Look below for the line containing "The Card: 2017" and the line containing "Toscana. ALTOPASCIO, Lucca."; repeat exactly those two lines and all lines between them, and nothing else.

Source information -
════════

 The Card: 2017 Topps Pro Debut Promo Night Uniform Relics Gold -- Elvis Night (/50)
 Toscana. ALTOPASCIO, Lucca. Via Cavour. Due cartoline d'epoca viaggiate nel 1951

════════

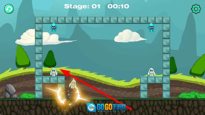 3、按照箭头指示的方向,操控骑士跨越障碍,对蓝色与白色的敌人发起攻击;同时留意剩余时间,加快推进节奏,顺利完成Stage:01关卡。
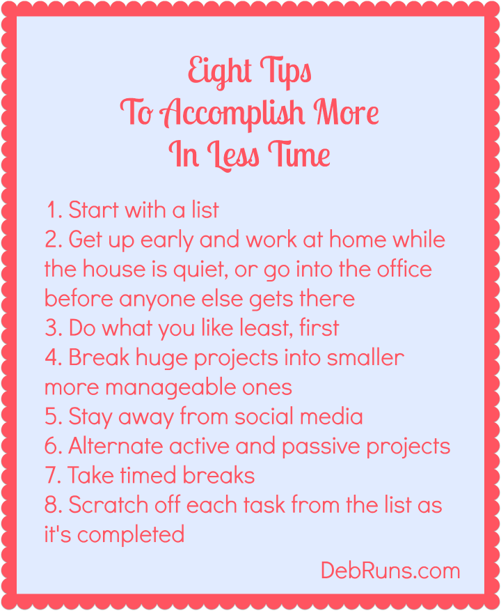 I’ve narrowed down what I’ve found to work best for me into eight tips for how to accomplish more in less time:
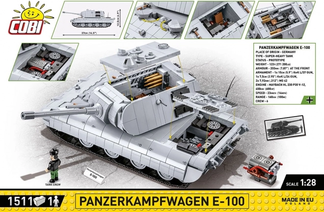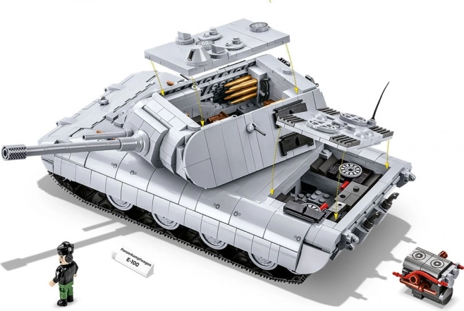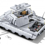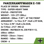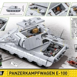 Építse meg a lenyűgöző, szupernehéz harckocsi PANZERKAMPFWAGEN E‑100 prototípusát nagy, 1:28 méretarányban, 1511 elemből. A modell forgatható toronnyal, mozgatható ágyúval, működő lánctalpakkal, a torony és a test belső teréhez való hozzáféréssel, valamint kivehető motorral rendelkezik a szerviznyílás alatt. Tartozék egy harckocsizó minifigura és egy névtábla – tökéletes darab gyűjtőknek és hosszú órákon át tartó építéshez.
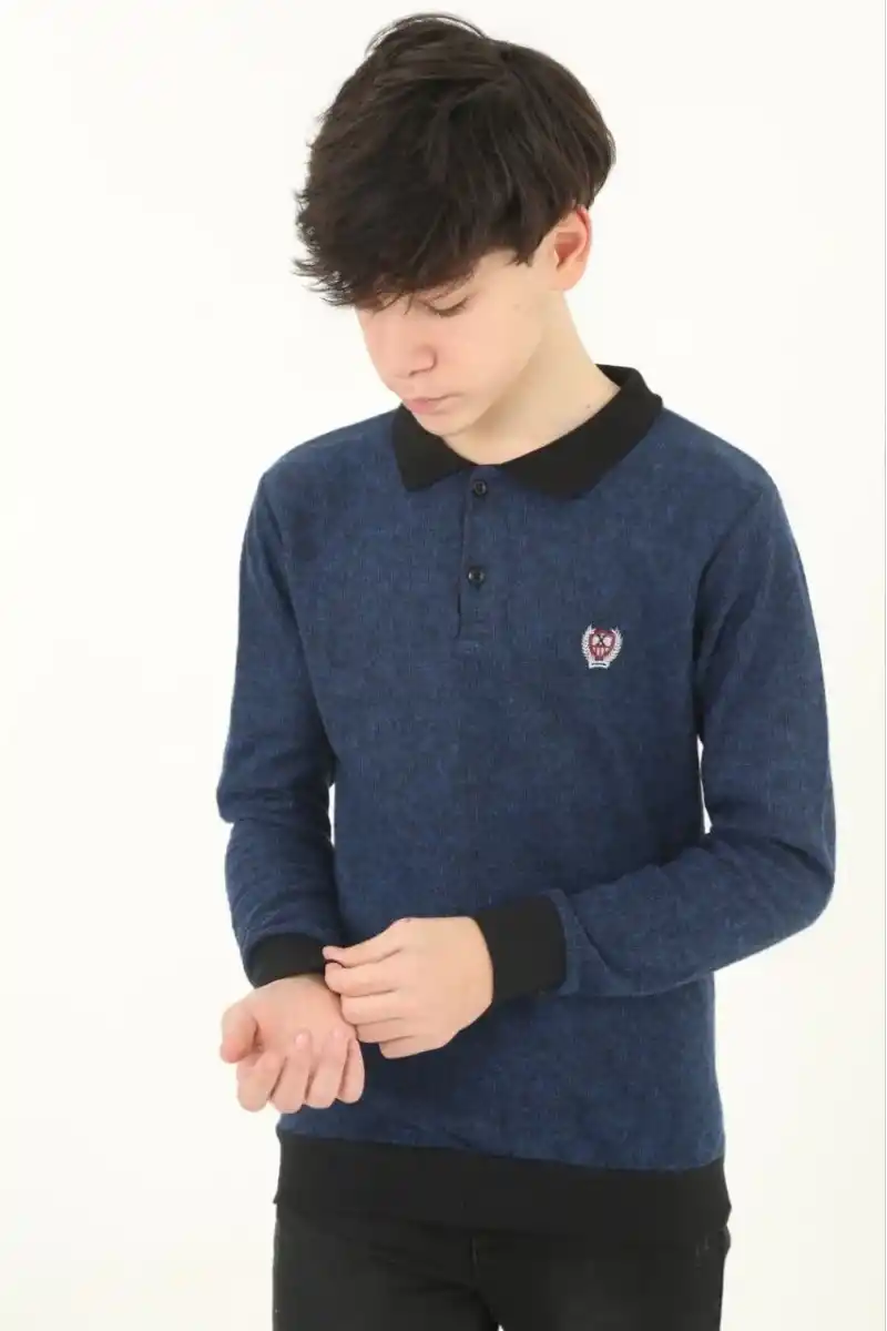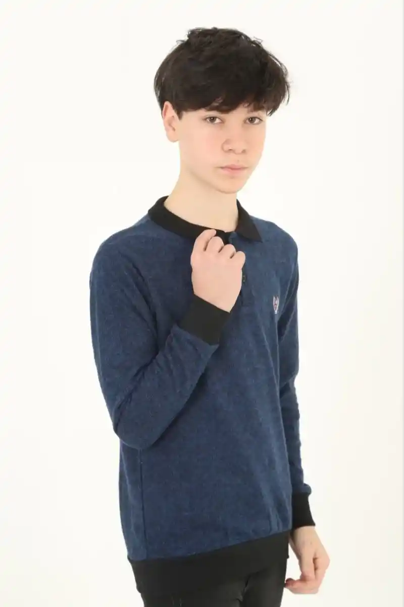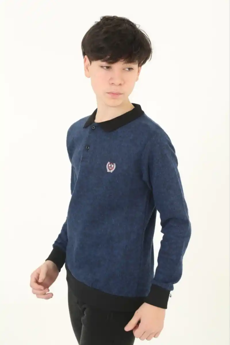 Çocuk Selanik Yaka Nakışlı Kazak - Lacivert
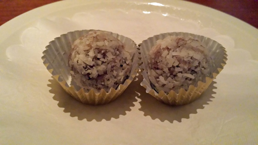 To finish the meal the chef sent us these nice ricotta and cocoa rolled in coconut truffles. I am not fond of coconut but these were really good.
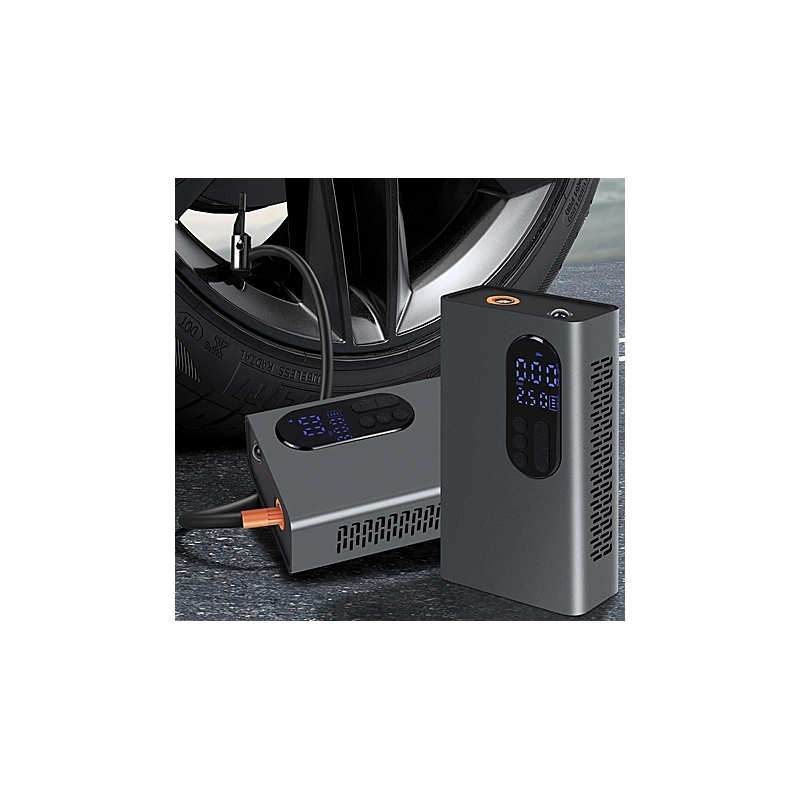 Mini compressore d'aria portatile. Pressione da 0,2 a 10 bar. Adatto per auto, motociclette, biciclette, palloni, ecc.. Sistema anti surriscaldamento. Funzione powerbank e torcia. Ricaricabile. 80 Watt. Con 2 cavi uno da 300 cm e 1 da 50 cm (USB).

════════

Output for this exercise -
 The Card: 2017 Topps Pro Debut Promo Night Uniform Relics Gold -- Elvis Night (/50)
 Toscana. ALTOPASCIO, Lucca. Via Cavour. Due cartoline d'epoca viaggiate nel 1951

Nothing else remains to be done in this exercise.